From the first settlements to the modern day
Recent archaeological findings have shown that people were present in the Val di Fassa as far back as 8000-5000 B.C. This totally contradicts the scientific belief that the valley was completelyuninhabited and unknown to man before the year 1000. The traces that have been found most probably belonged to hunters from more southern plains looking for game. Archaeological excavations in Mazzin and Campitello have confirmed that the valley was the site of organised settlements whose inhabitant grew crops and raised animals, as far back as the Bronze Age (1800-900 B.C.). The existence of stable, culturally united settlements was confirmed by a sensational finding in 1968: the remains of a Rhaetian prehistoric walled settlement on Dos dei Pigui in Mazzin. Walled defences, ceramic objects, ornaments and arms were found at his site. With the Roman conquest in the first century A.D., the Rhaetian peoples were annexed to the Roman Empire. The subsequent spread of Latin, which permeated the Rhaetian language formed the origin of Ladin. There is also evidence of the Roman presence in the clearly Latin origins of the place names (Vigo-Vicus, Larcioné-Laricetum, etc.). The oldest written evidence dates back to 1144 A.D. From 1050 onwards, the Val di Fassa came under the jurisdiction of the Prince Bishop of Bressanone, where it remained until 1803; in that year, the entire Principality was annexed to Tyrol. During these centuries the population of Fassa was organised into “Communities of Fassa”, divided into 7 Orders, corresponding to the 7 modern-day municipalities, with institutions of Lombard origin.

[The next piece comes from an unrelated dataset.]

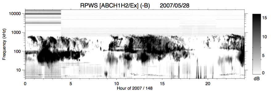 L’intensité du signal mesuré en fonction du temps et de la fréquence est codé en niveaux de gris. Les gros blocs noirs situés entre 10 et 1000 kHz sont le SKR (Saturn Kilometric Radiation) : rayonnement kilométrique auroral de Saturne, émis dans les régions polaires de Saturne, conjointement aux aurores de cette planète.

The outbreak of the first World War also brutally involved the Val di Fassa. The front practically crossed the entire valley and today it is still possible to see evidence of that tragic event: from the Val San Nicolò, to the Marmolada with its ice city; in fact, tunnels were dug in the rocks and ice of the Marmolada glaciers and these can still be visited today. On 24 November 1918 the Val di Fassa, which had been under Austrian rule, passed to the Kingdom of Italy with the arrival of the Italian troops.